That’s because it is. This is not a new idea. Indeed, one need only peruse Tom Paine’s The Age of Reason to get the low-down on the “good book” from one of formative writers of the late 1700’s. Calling it “ridiculous superstition” is a light touch compared to Paine’s disembowelment of it. Ultimately, how do you study something which, by definition, claims its own perfection and infallibility? You can perform no test or probe, develop no hypothesis, or hope to validate any theory of human origins. Its interest lay primarily as an historical document, not a factual explanation. I do not mean to imply that only items of scientific curiosity are generally useful. Far from it. One need only consider the subjective domains of art to refute this. Fortunately though, most humans are smart enough not turn to a painting or symphony and use it as a guidepost to explain human origins.
Easterbrook mines some gold with this one:

I suspect one reason so many Americans have a poor understanding of evolutionary theory is that overbearing figures such as Dawkins talk down to them and act contemptuous of their religious beliefs. So people respond–perhaps quite rationally–by screening out the views of scientists whose motives they distrust.

Right. It’s the scientists’ fault that people screen them out or don’t understand the issues.
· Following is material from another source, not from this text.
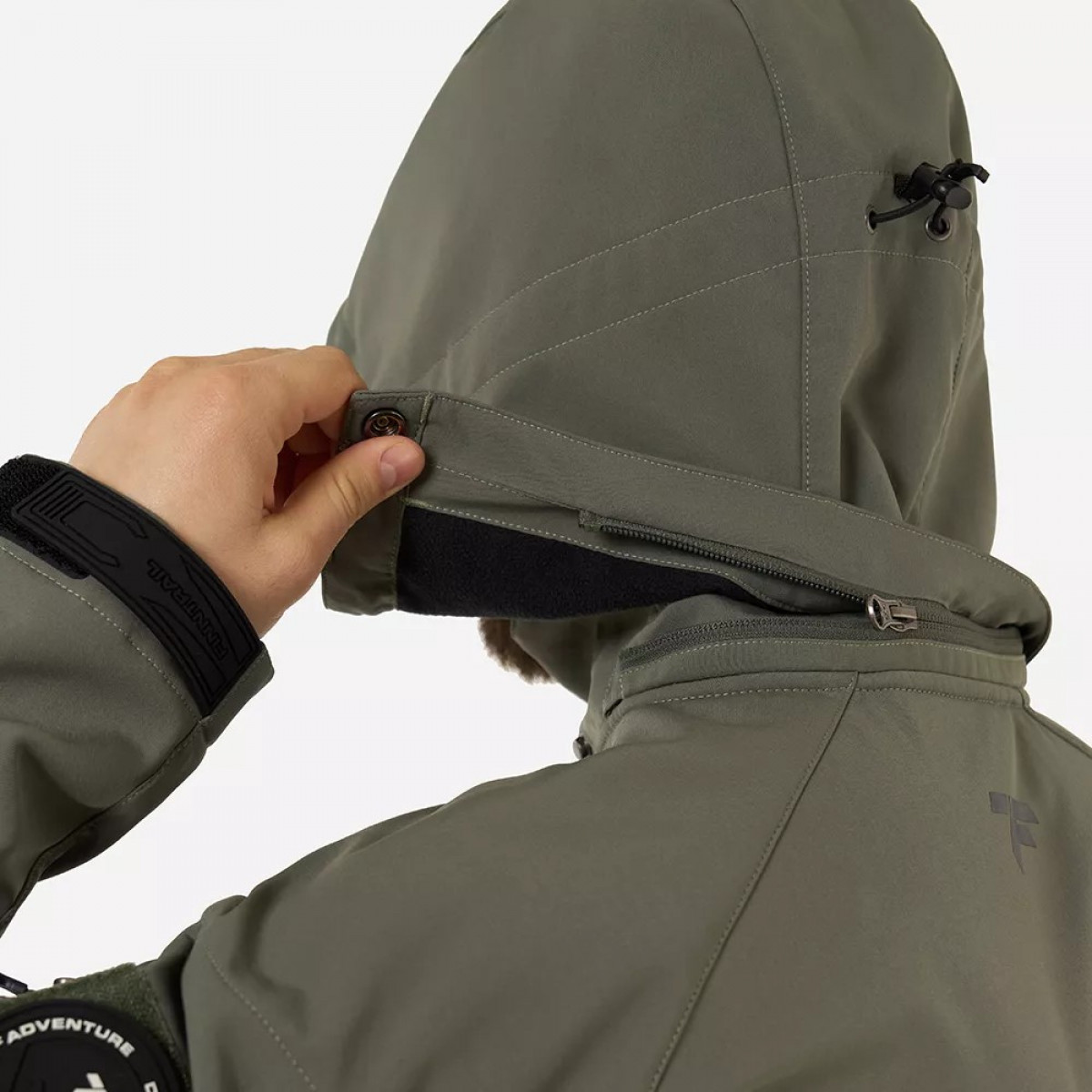 - Трёхслойный материал SoftShell с мембраной и внутренним слоем из микрофлиса сохраняет тепло, отводит излишки пара от тела, не пропускает воду и ветер внутрь.

It wouldn’t have anything to do with ministers and over zealous evangelicals insisting that they will suffer eternal damnation and hellfire, a seed planted in many a mind in early childhood via propaganda from “religious education classes” or Sunday school. Easterbrook continues:

It is telling that polls show Americans overwhelmingly accept many findings of modern research, such as the theories of relativity and of cosmic expansion. The scientists who favor these ideas generally aren’t in the habit of mocking peoples’ faiths, and so they are believed by the general public.

The real issue here is that cosmologists and physicists are never in a position of being perceived as “mocking peoples’ faiths” because these days most so-called “holy men” don’t go running around saying that the Theory of Relativity is anathema to the Bible. One need only go back a few centuries to find examples of scientists (e.g. Galileo) who were persecuted by the church for saying similar sorts of things.
Easterbrook’s article was apparently written a few years ago judging by this section:

But Dawkins is often guilty of sins of which he accuses others, including arguing against straw men and playing fast and loose with the flaws in his own ideas. In the “ignorance” article he declares, for example, that doctrinaire creationists “dominate the school boards in some states.” Oh really? Which ones, exactly? Creationists did take over the Kansas State Board of Education and issue a non-binding recommendation against teaching some aspects of Darwinian thought. The recommendation was rejected by Kansas’s Republican governor and ignored by all Kansas school districts, and the creationists were voted out last year. Today, every U.S. state requires basic instruction in the theory of evolution. By pretending otherwise, Dawkins tries to exaggerate his opponents’ influence and cast them as a looming anti-intellectual menace.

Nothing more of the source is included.